On the walls of the building, there were remains of stuccos, representing the life of that time. Particularly one, which was well preserved, represented a young king seated on a double headed jaguar throne, receiving offers from his subjects. This stucco had similarities with some Egyptians murals representing life in their country. Such similarities makes one wonder if both these old civilizations had sprung from the same origins, Atlantis the lost city, from where Lord Pascal told us he had come and with the brothers had moved around the globe to initiate new civilizations taking over from Atlantis.
The artifacts discovered in the building, and around the pyramid were utensils and tools that the Mayan used in their day to day life. The utensils found were collected, labeled and saved in a shed that had been erected nearby.
Maria and I dedicated our time researching in the pyramid, and our work so far had been fascinating. This monument was definitely dedicated to Lord Pascal, the first rulers of the city, and from where his dynasty began and left evidence over the time of the power and wealth they had accumulated.
The temple walls, above the pyramid, were covered with frescos in the basic ochre, white and black colors, presenting scenes of public lives, and hunting scenes of the Lords. Over the opposite wall a fresco showed a port at the foot of the city, where boats were anchored and many people busying around the jetty. Most likely Fisherman Island a few miles away was the main port connecting the city with the rest of the world.
Were those people represented in the mural, those ancient people that first arrived from Atlantis, or were them traders coming from nearby countries and taking their merchandise to the city? It is impossible to confirm it categorically. These are only possibilities, but this is the way we are working things out, we presume till the day we can find the evidence.
The floor of the temple was made with smooth and well cut stones having at the centre a larger monolithic slab chiseled with bas-reliefs presenting a complexity of sacred images with the sacred serpent, as the major figure with the sun setting over the city. Certainly this was a message left for posterity, to people like me who were anxious to find the secrets of their lives.

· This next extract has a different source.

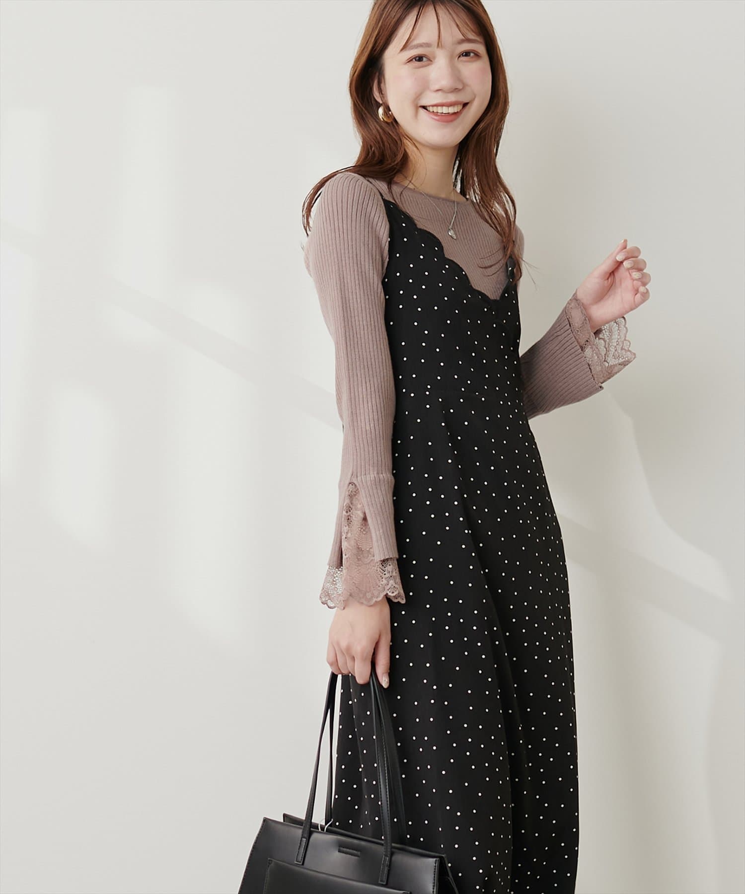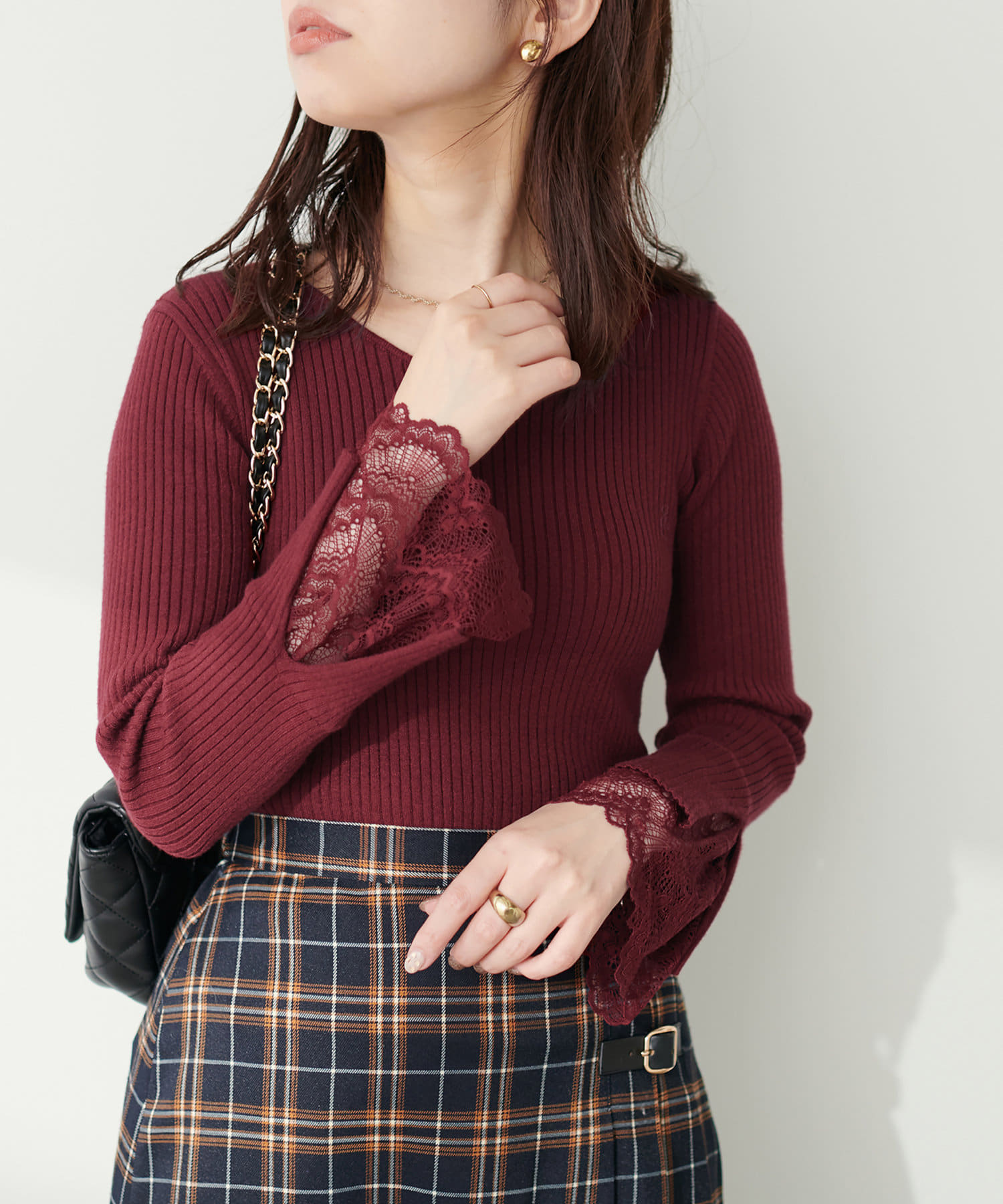 冬の季節はアウターの袖からレースがのぞくレイヤードもおすすめです。

It could have even been possible they left there a message dictated from their Gods. In front of us there were too many questions marks that were not easy to answer. Everything needed to be analyzed, new evidences were necessary to read that message left engraved on the monolithic slab floor of the temple.

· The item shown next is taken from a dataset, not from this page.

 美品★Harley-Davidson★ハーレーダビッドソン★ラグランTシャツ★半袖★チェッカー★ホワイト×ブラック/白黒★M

Certainly the pyramid had been built with a specific reason and it was natural to believe that it was an internal chamber enclosing the secrets of the city, but we couldn’t see any evident entrance taking to the internal part of the Pyramid.
There should exist somewhere a secret door leading to some internal chambers, where we could possibly find the archives of the city, their secret history, and the fortunes accumulated in centuries of power and glory. Or was that only the tomb of the Lords that had reigned over the years?

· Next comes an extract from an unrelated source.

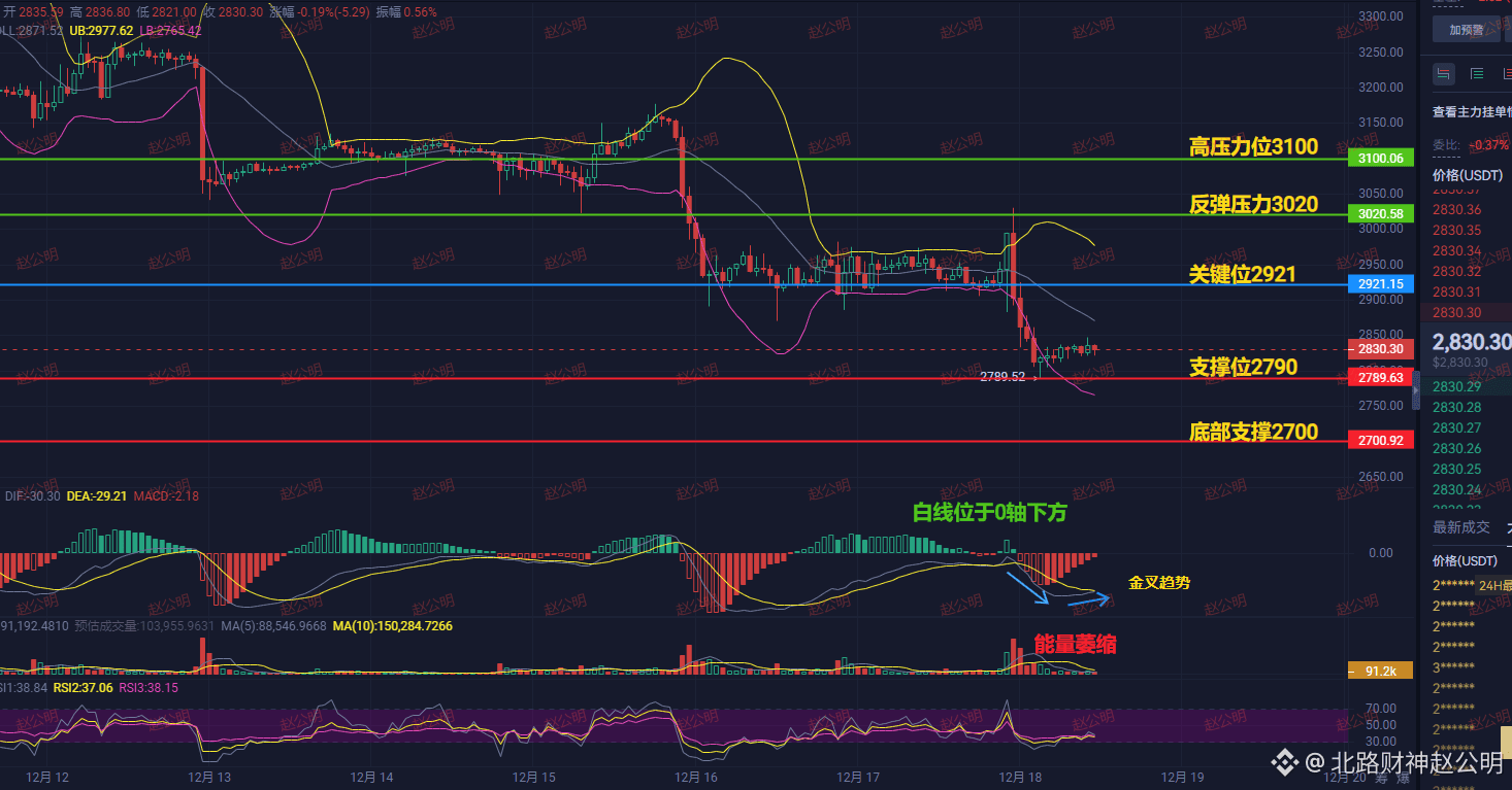 赵公明坚决看空ETH后市。在巨鲸资金疯狂外流和技术面全面溃败的双重夹击下,所谓的“支撑”都脆弱不堪。

I was frustrated. So many times I had explored with the help of Maria, or alone, each side of the pyramid. I had explored and inspected every single piece of masonry, in search of a possible clue capable of revealing a hidden passage or a corridor. It must be somewhere, cleverly hidden away, the passage taking to a chamber at the centre of the pyramid. They wouldn’t have built such monument only for the pleasure of placing a temple on top, to manifest their glory and grandeurs to the posterity. It should be much more then that.